I never want to be trapped on a long-haul flight or in a movie theater with smokers again, experiences I’m just old enough to remember. But bars are not the same without them. (“No smoking in bars,” commented Samantha sex and the city. “What’s next, no fucking in bars?”) Rock shows aren’t the same either. There is a deep irony in the fact that when you vape, the substance that makes your breath feel like a cloud of mist when you exhale is propylene glycol, the same substance used in fog machines at concerts. This has been linked, in machinists, to chronic lung problems. I’m completely mixed on vaping. There’s nothing worse than walking behind a vaper through the streets and getting a healthy dose of creme brulee, birthday cake, or pumpkin pie. It’s like walking through a spider’s web of cotton candy; it smells like a megaton syrup fart. And now that smoking weed is virtually decriminalized in many places, the skunk smell of weed perfumes our waking hours. As columnist Ginia Bellafante wrote in The New York Times, pot smoke is “New York’s signature scent experience.” (At least until summer, when it’s urine.) I like potty; for this reason, and for political reasons, I am happy to see the progress that has been made. But I get sick every day from the funk in the air. Smell is subjective. My pot smells good; yours is oppressive. Chinese food is one of the great flavors of the planet, for example, as Chuck Berry pointed out in his autobiography. But not if someone opens a container of General Tso’s Chicken behind you in a dark theater or on the subway.

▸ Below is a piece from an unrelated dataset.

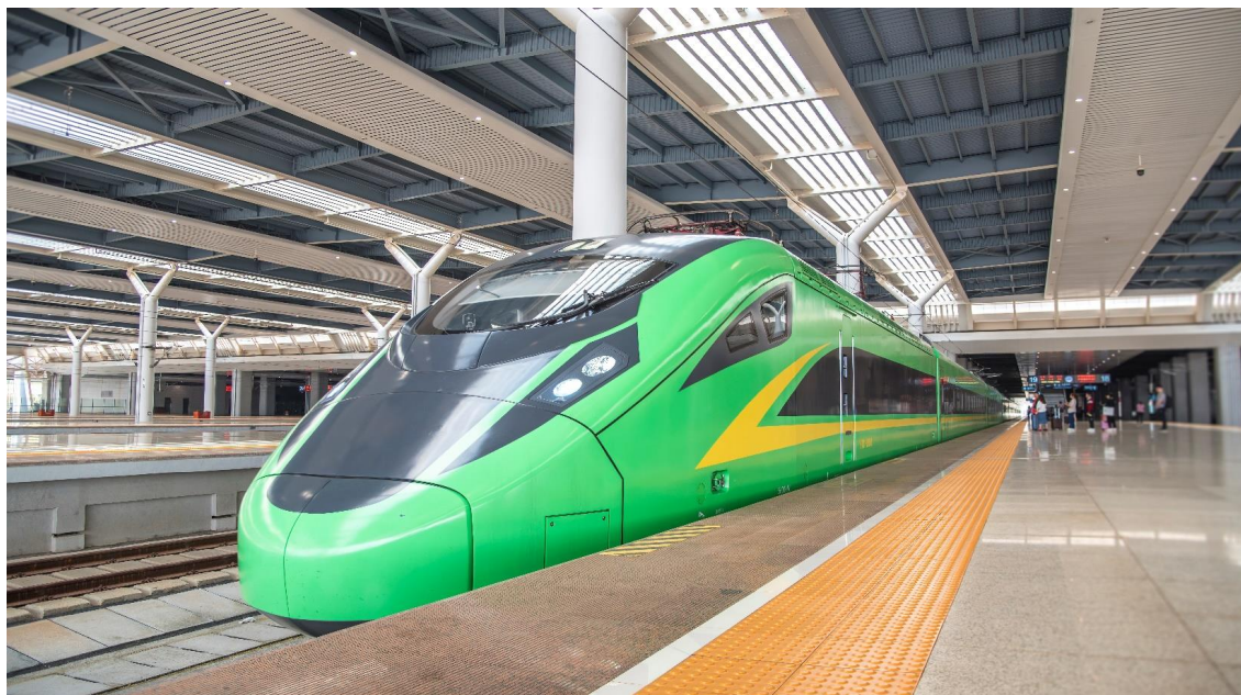
SHTGUTHKMG1 อู๋ตอร์ เวียงจันทน์ สิบสองปันนา คุณหมิง 6 วัน 5 คืน มี.ค.-ต.ค. 67 TG-KY(150124)

นำท่านเดินทางสู่ สถานีรถไฟสิบสองปันนา เพื่อโดยสาร รถไฟความเร็วสูง มุ่งหน้าสู่ คุณหมิง (ใช้เวลาเดินทางประมาณ 3 ชั่วโมง) ทั้งนี้อาจจะมีการเปลี่ยนแปลงขบวนรถไฟ หมายเหตุ : เพื่อความรวดเร็วในการขึ้น-ลงรถไฟ กระเป๋าเดินทาง และสัมภาระของแต่ละท่านจำเป็นต้องลากด้วยตนเอง จึงควรเลือกใช้กระเป๋าเดินทางแบบคันชักล้อลากที่มีขนาดไม่ใหญ่จนเกินไป

Many of my friends walk around with Juuls in their palms now. It’s a plausible compromise even if, as a friend likes to say, they feel like sucking a robot’s dick. You can “smoke” them inside, which reminds you of the 1970s. It’s hard to know when enough is enough with a Juul. You end up like the narrator of the great novel by Martin Amis Money, who comments, “Unless I specifically inform you otherwise, I always smoke another cigarette.”
I realize that this lament runs counter to our moralistic, health-obsessed culture. Don’t @ me, as they say on Twitter. I am proud of the people who managed to quit. I’m working on my wife too, so subtly. Whenever I go abroad, I buy her these cheap duty free cigarettes as she asks me. But I make sure they’re in that shocking British packaging, with grim photographs of chipped teeth and holes in people’s sad wrinkled necks. However, on some late nights around the dinner table, where we settle for whiskey and candles instead of cigarettes, someone will start hatching a plan. “When we’re all eighty, we’re gonna get together and start Camel all over again with no filter, right?” I bet everything.